What are tr and tf (rise and fall times)?

They are how long the drain voltage/current take to transition during switching, from the datasheet. Longer transitions mean more voltage-current overlap and higher switching loss.

How do I reduce MOSFET losses?

Lower RDS(on) for conduction loss; pick a faster, lower-gate-charge device and drive the gate harder for switching loss; reduce frequency; or use soft-switching (ZVS/ZCS) and wide-bandgap (SiC/GaN) devices for high-voltage designs.

What is Qg (gate charge)?

The total charge needed to fully turn the gate on, in nanocoulombs. It sets the gate-drive loss and how fast you can switch for a given driver current.

Does Rds(on) change with temperature?

Yes — it rises significantly as the junction heats up (often 1.5–2× at 125 °C). For accurate conduction loss, use the RDS(on) value at your expected operating temperature.

When does conduction loss dominate versus switching loss?

Conduction dominates at high current and low frequency; switching dominates at high voltage and high frequency. Balancing the two is the heart of converter MOSFET selection.

What is θJA and how do I use it?

θJA is the junction-to-ambient thermal resistance in °C/W. Multiply it by the total loss to get the temperature rise above ambient. A heat sink lowers the effective value — see our Heat Sink Calculator.

Do I need a heat sink for my MOSFET?

Compute the junction temperature here. If it exceeds ~110–125 °C (leave margin below the datasheet max), add a heat sink or improve airflow, or pick a lower-loss device.

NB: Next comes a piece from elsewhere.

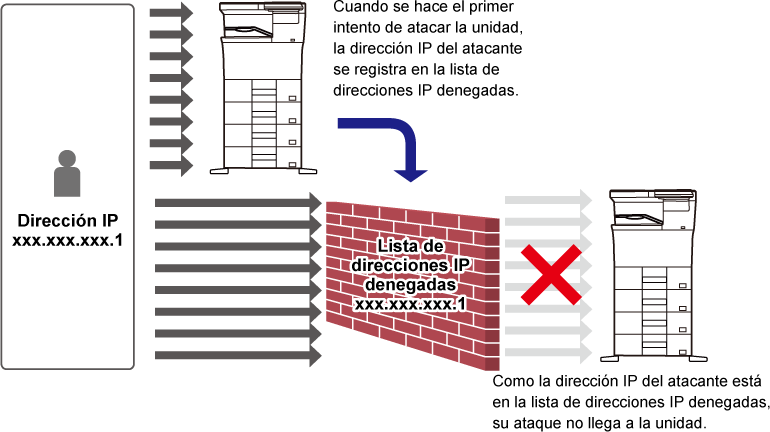 Especifique el archivado de documentos o la liberación de impresión como función para la restricción de los trabajos de la impresora. Cuando se ha especificado el archivado de documentos y se ha seleccionado [Forzar retención] como opción de Restringir operación, el trabajo se guardará en el archivo de documentos aunque no se haya especificado el archivo de documentos en el controlador de la impresora. Además, si se ha especificado la liberación de impresión, el documento se guardará en la liberación de impresión aunque la liberación de impresión no esté especificada en el controlador de la impresora. |

How is MOSFET loss different from IGBT loss?

A MOSFET has resistive conduction loss (I²R), so loss falls at low current; an IGBT has a roughly fixed voltage drop, so it is better at high current/high voltage but has more turn-off (tail) loss.

How accurate is this estimate?

It uses the standard first-order model and is excellent for device selection and thermal sizing. For final designs, also account for reverse-recovery, output-capacitance (Coss) loss, and temperature-dependent RDS(on).